さらに、ガロア群を「体への作用」をいったん忘れて「抽象的な位相群として扱う」こと、及び
「位相群としての同型全て」をまとめて "poly-isomorphism" として扱うあたり、ある意味
従来の「圏論」の枠組みをはみ出す考え方も含んでいる。四部作論文の最後に置かれた
"Log-Volume Computations and Set-Theoretic Foundations" の最後のセクションの表題
"§3. Inter-universal Formalism: the Language of Species" の最後の単語 species が、
「従来の「圏論」の枠組みからはみ出す考え方」での鍵概念ということで、同論文の p.67 から、
「フォーマル」な形で説明されている。この概念の「効用」は同論文 p.75 l.9-l.13 にある。
"the notion of a “species” allows  ... roughly speaking, to “simulate
∈-loops” -- without violating the axiom of foundation".

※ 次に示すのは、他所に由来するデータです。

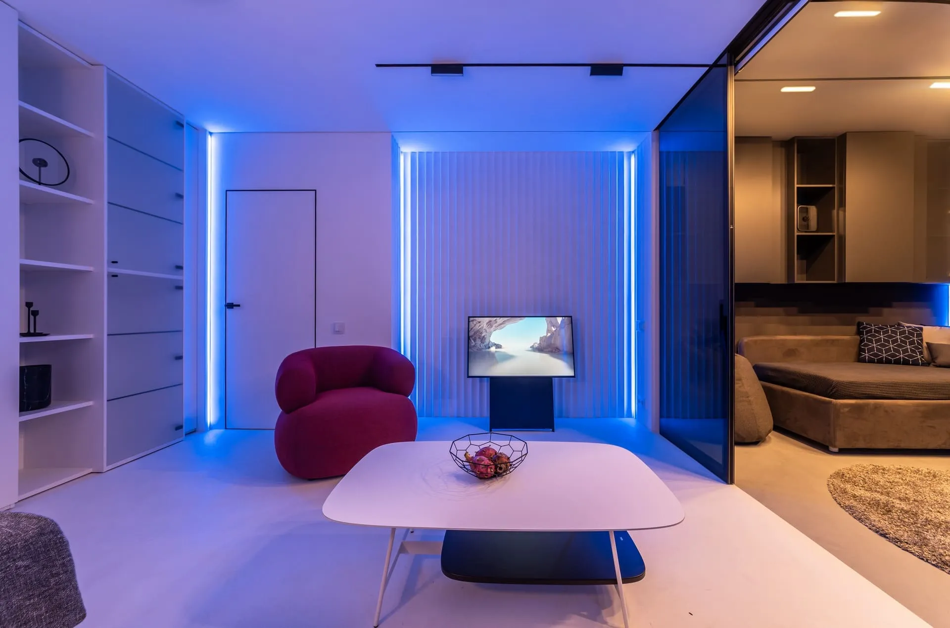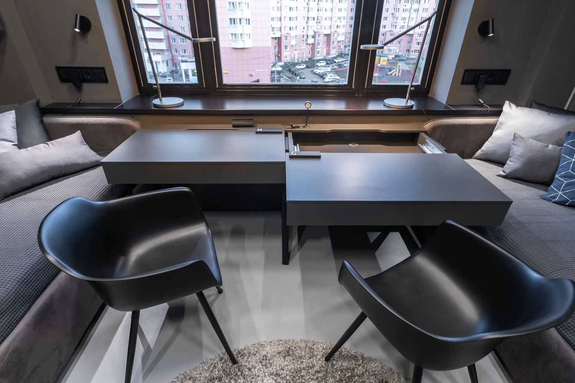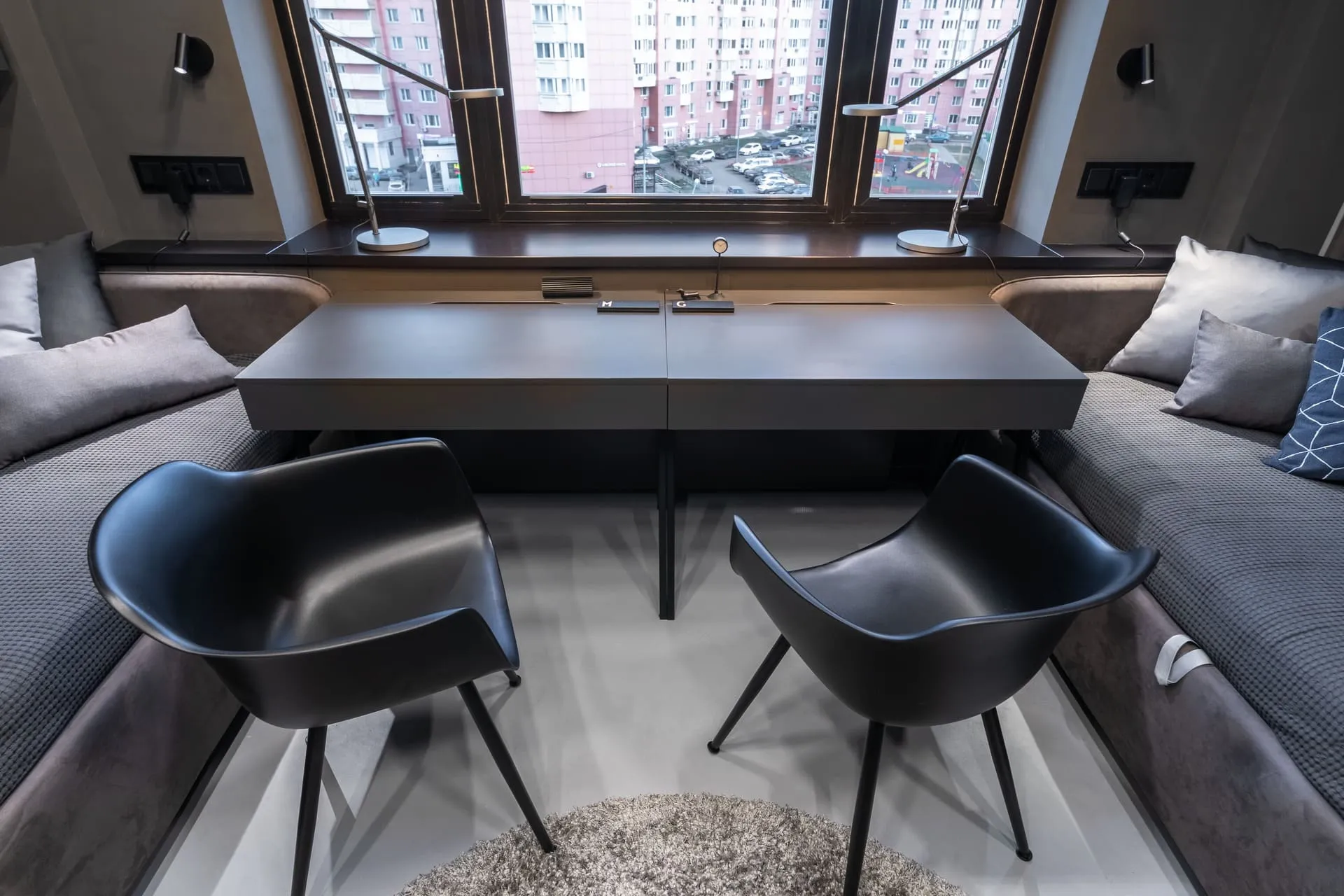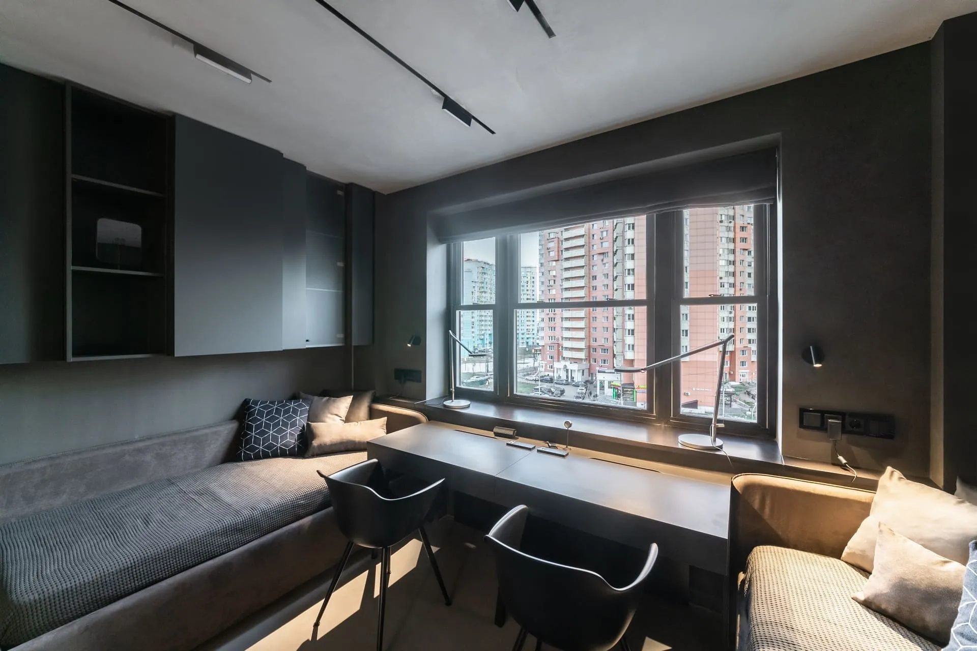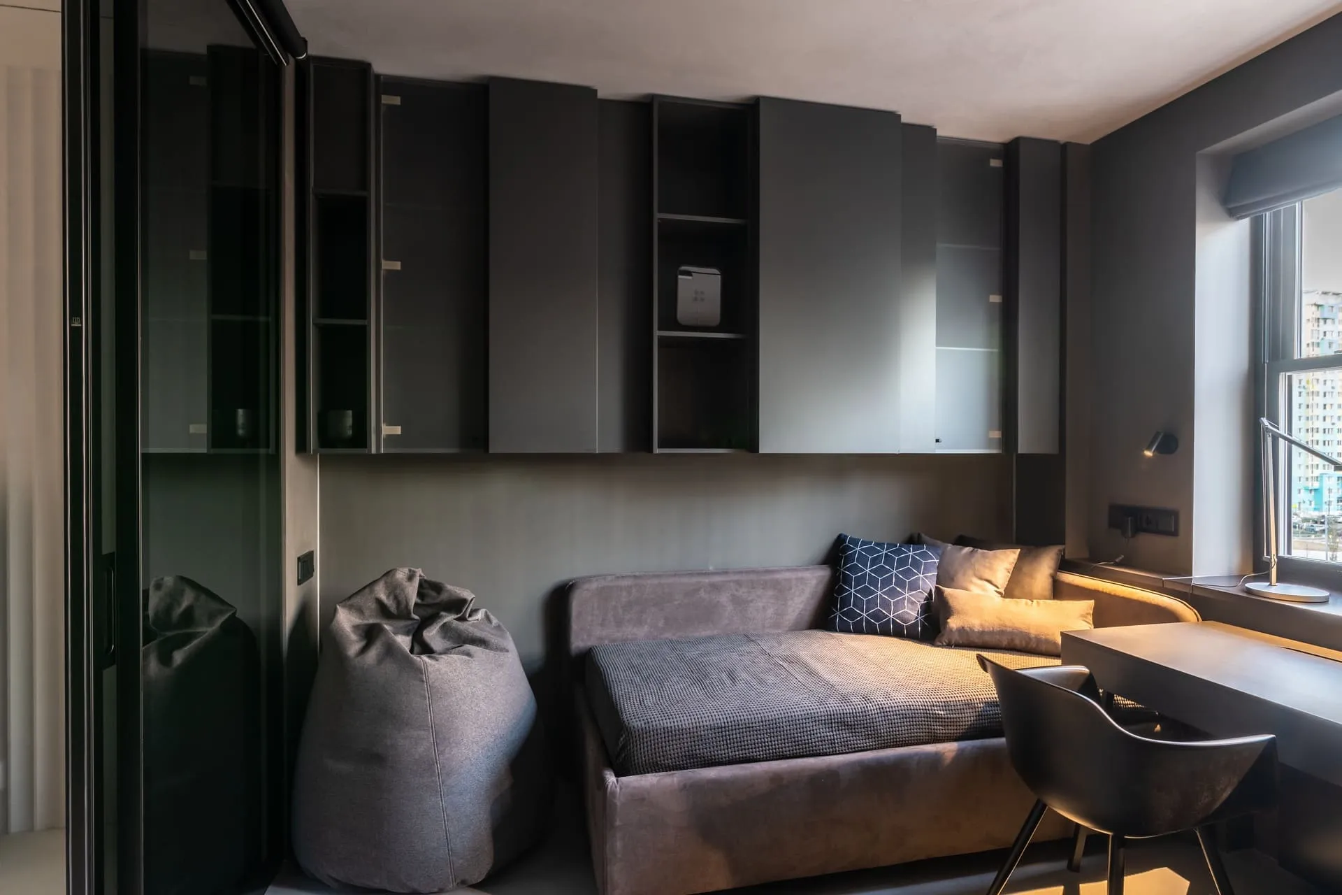 Подростковая часть получилась весьма брутальной, но именно таким и был запрос детей. А возможность полной светоизоляции и игры подсветкой даёт совершенно новые впечатления от той же мебели.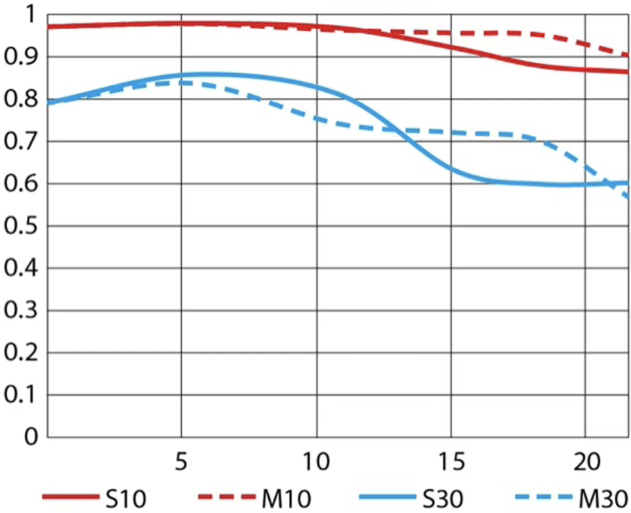 Sharpness performance topLens sharpness has nothing to do with picture sharpness; every lens made in the past 100 years is more than sharp enough to make super-sharp pictures if you know what you're doing. The only limitation to picture sharpness is your skill as a photographer. It's the least talented who spend the most time worrying about lens sharpness and blame crummy pictures on their equipment rather than themselves. Skilled photographers make great images with whatever camera is in their hands; I've made some of my best images of all time with an irreparably broken camera! Most pixels are thrown away before you see them, but camera makers don't want you to know that. If you're not getting ultra-sharp pictures with this, be sure not to shoot at f/11 or smaller where all lenses are softer due to diffraction, always shoot at ISO 100 or below because cameras become softer at ISO 200 and above, be sure everything is in perfect focus, set your camera's sharpening as you want it (I set mine to the maximum) and be sure nothing is moving, either camera or subject. If you want to ensure a soft image with any lens, shoot at f/16 or smaller at ISO 1,600 or above at default sharpening in daylight of subjects at differing distances in the same image. People worry waaaaay too much about lens sharpness. It's not 1968 anymore when lenses often weren't that sharp and there could be significant differences among them; ever since about 2010 all new lenses are all pretty much equally fantastic. This lens is super sharp corner-to corner at every aperture, duh, limited by your vision as an artist and of course by diffraction at the smallest apertures. Avoid f/11 and smaller unless you really need them for extreme depth of field because diffraction takes its toll. See also How to Calculate the Sharpest Aperture. This lens is ultrasharp everywhere, especially at f/1.2, but then again, so is the Z 35mm f/1.4. While you may see slight variation in the MTF curves, any actual photographic difference between the two is invisible: Nikon's MTF chart measured at f/1.2 at 10 cyc/mm and 30 cyc/mm. The solid lines are the sagittal (radial) and the dotted lines are the meridional (tangential) measurements. While it's usually valid to compare rated MTFs between different lenses of similar vintage from the same maker, every maker measures or simply calculates MTF very differently, and therefore one cannot compare these curves between brands. For instance, Sony seems to ignore diffraction and simply calculate overly optimistic MTFs that hug 100%, which no real lens can do at f/8, while other brands are more realistic and include diffraction. Only Canon offers any insight on how they arrive at their curves.

アイデアとしてはIUT 研究の早期に得られていた: 2004年時点の講演資料p.1 §1.2 参照。

因みに、ショルツェらは、この species 概念{を、も}理解し損ねている。本概念の構成に
不可欠な「ラベル付け」を認めないのだから、理解できるはずがない。(山下剛の解説
なお、Wikipedia にあるショルツェらの「 ... 不等式は無意味になる」という言い草は、
species や multiradial の概念を理解していないことの自白に等しい。
# 別記事で述べたように、ショルツとスティクスが発表した多少とも数学的内容を含む
# 文書で最も詳細なものは[SS2018-8] であり、上記の言い草は、その結論部分に多少文学的
# 修飾を加えているだけ。そして、[SS2018-8] は、その前身[SS2018-5] と共に、望月の報告
# [Rpt2018] および「反批判」の [Cmt2018-5] と [Cmt2018-8] によって粉砕されている。
RCS-IUT の間違いに基づくデマに過ぎないので、言及の必要性自体が疑問。前掲の望月や
山下の指摘で間違いであることは明らか(「ショルツェからの再反論が存在しない」事は、
以前の Wikipedia では言及されていた)。

それにしても、もうそろそろ、Wikipedia での宇宙際タイヒミュラー理論の記述を「数学理論の
説明」らしくすべきではないだろうか。つまり、主要(ないし基本)概念や主要な命題こそが
主な記述内容であるべきで、ショルツェのデマについての記述など、どうでもよいことのはず。
「数学理論の説明」は、例えば、モース理論岩澤理論の説明のようであるべきだ。